Wednesday, October 27, 2010

story behind the blog. part one.

my name for this blog was deliberate. chance. what are the chances (that we would be in this situation)? what are the chances (that will come of this situation)? the unknowns are mind blowing at times. but truly i do have hope and wonder for how our story will continue.

so how did we get here?

on my birthday, two years ago, Jeremy and I visited a urologist who broke the news and indicated his suspicion that Jeremy may have a condition called Klinefelter Syndrome. His sperm count was ZERO and bloodwork was to be done at Mayo Clinic to examine the keryotype of his DNA to confirm the suspicion. We were referred to a genetic specialist and an endocrinologist for further medical care following the results which confirmed the diagnosis.

prior to the visit with the urologist, we had visited the fertility clinic (where i would later go through the IUI process) for the original semen analysis, per recommendation of my OB-GYN. (count, already 5 doctors on the case, each with their respective staff... so many people). my fertility doc gave us the initial alternatives for conceiving a child, suggesting both the sperm donor list, and "snowflakes" (embryo adoption), planting those seeds in our minds (or... my mind anyway). the genetic specialist spoke to us of adoption and asked if there might be a suitable family sperm donor, in the case we might want to pursue a pregnancy. our quick reaction was "no way", and our focus became learning about adoption.

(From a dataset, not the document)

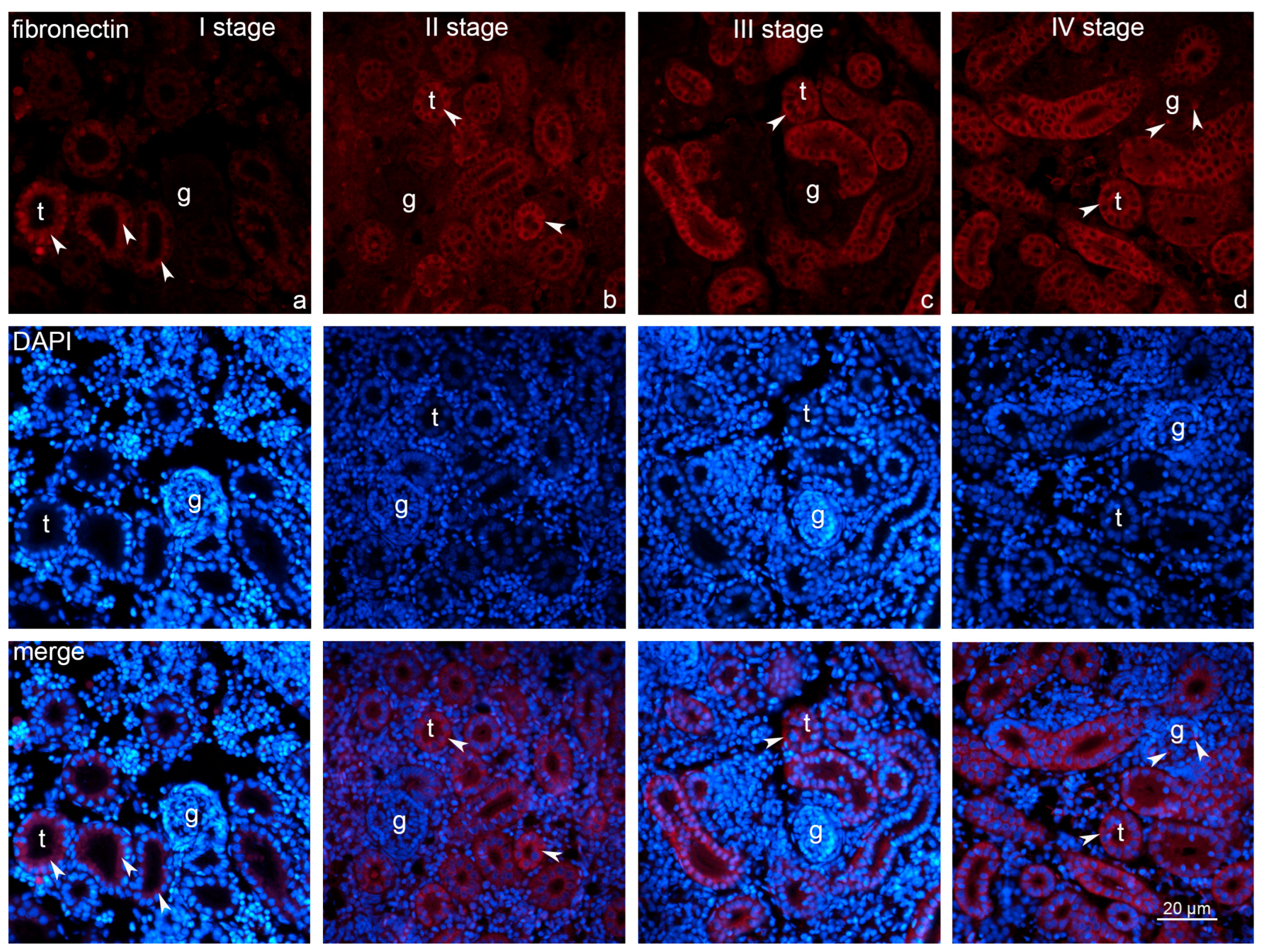 Figure 4. Expression of fibronectin in the renal tissues of the Oncorhynchus mykiss (Walbaum, 1792) within four different growth stages, stage I–IV (ad): g—glomerulus; t—renal tubules; arrowheads—positive labeling of fibronectin. Magnification—40×, scale bar 20 μm.

those initial many months seem like a blur. we were determined to walk boldly through the process and not wallow in the dark pit of grief and fear and pain. i remember feeling very connected with jeremy in our determination, but very alone in my own personal moments of sadness and loss. i tried very hard to be courageous, to not "blame" the feeling of emptiness on his biology. to find some kind of humor and wonder in the fact that God had put me (ME, the one who only ever wanted to get married and have lots of babies) with this man who was... sterile. I would cry myself to sleep.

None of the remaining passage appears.